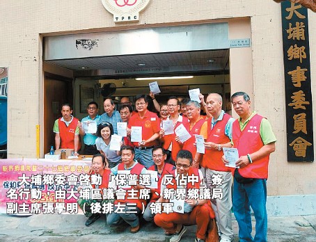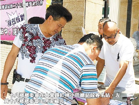 新界27個鄉委會聯繫村民的「保普選反佔中」簽名運動如火如荼。十八鄉鄉委會主席梁福元與一眾執委們積極響應鄉議局的號召,發動村代表及村民們支持簽名運動,自7月19日起在鄉事委員會會址設立簽名站,並在元朗大棠路紅棉圍小巴總站及大棠村廣場設立流動簽名站,更於每天黃昏5時起的下班高峰期,在元朗西鐵站公共通道上「擺街檔」,呼籲村民及居民簽名支持,反應十分熱烈,不分男、女,無論是村民及居民都主動簽名支持,尤以中年人士最為踴躍,他們最為關心的是下一代的福祉。
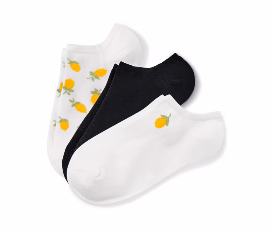 - 1 x blanc avec broderie citron placée, 1 x blanc avec motif intégral citron, 1 x noir
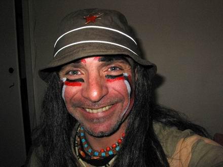 Ειλικρινά δε θυμάμαι αν μπήκαμε στο πάρτι, ή αν φύγαμε γιατί το πάρτι είχε σχολάσει – ήταν και κάτι 4 το πρωί! Είναι όμως μια ιστορία που τη λέμε και γελάμε μετά από τόσα χρόνια.Την έλεγα και στη γυναίκα μου και όταν κάποτε κάναμε ένα μασκέ πάρτι στο σπίτι μας (απ΄όπου και η φωτογραφία) ο Μπεχράκης έσκασε μύτη βαμμένος στα χρώματα του πολέμου
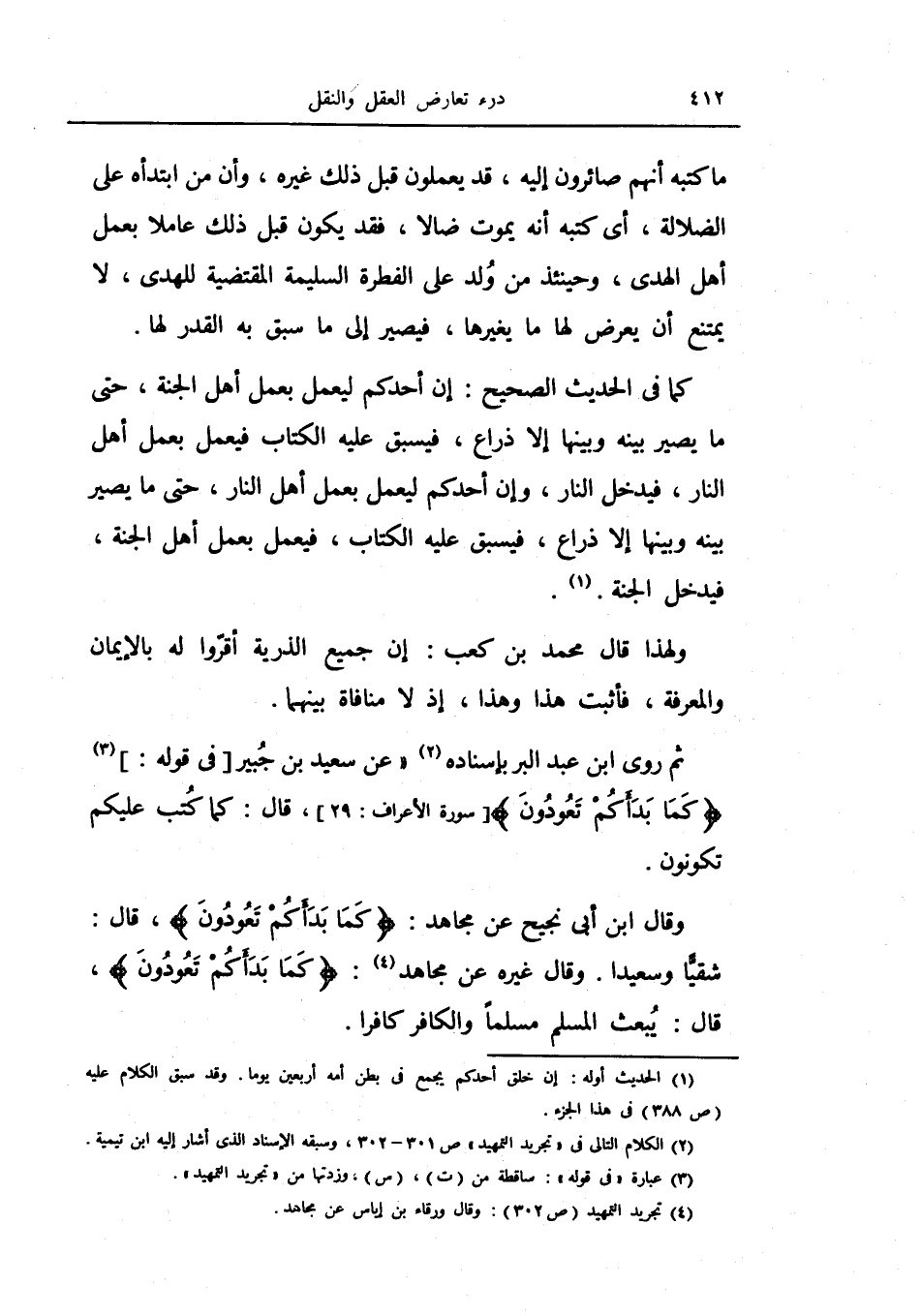 ثم روى ابن عبد البر بإسناده (عن سعيد بن جبير في قوله: {كما بدأكم تعودون} ، قال: كما كتب عليكم تكونون.
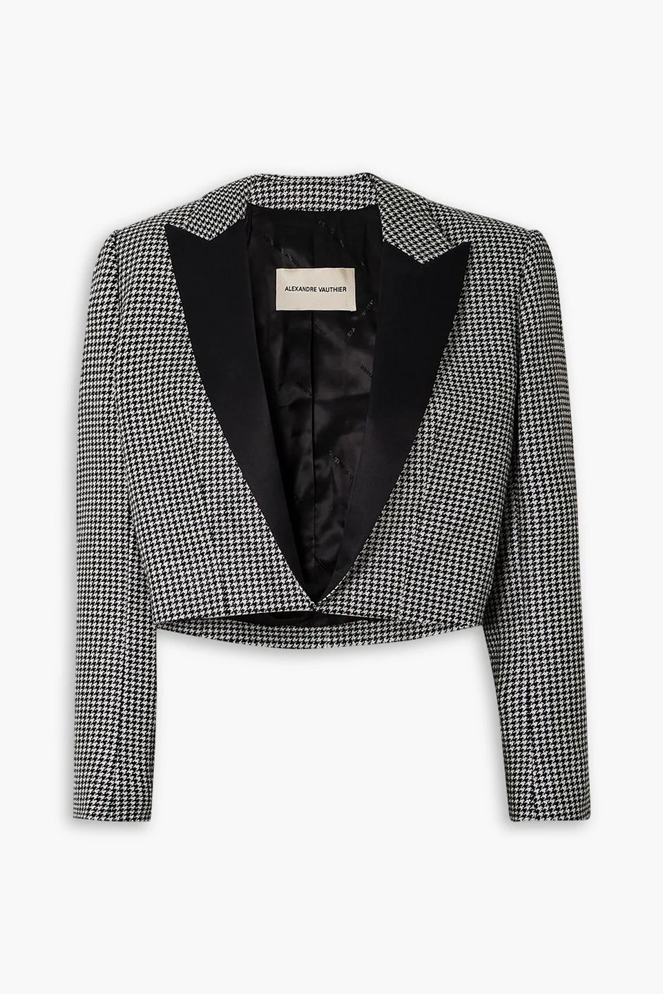 Cropped satin-trimmed metallic houndstooth wool-blend blazer

Exercise aim:
Beginning with the line containing "ثم روى ابن عبد" and ending with the last line of the data above, repeat each line exactly. Include no pictures and no other lines.

Answer box:
 ثم روى ابن عبد البر بإسناده (عن سعيد بن جبير في قوله: {كما بدأكم تعودون} ، قال: كما كتب عليكم تكونون.
 Cropped satin-trimmed metallic houndstooth wool-blend blazer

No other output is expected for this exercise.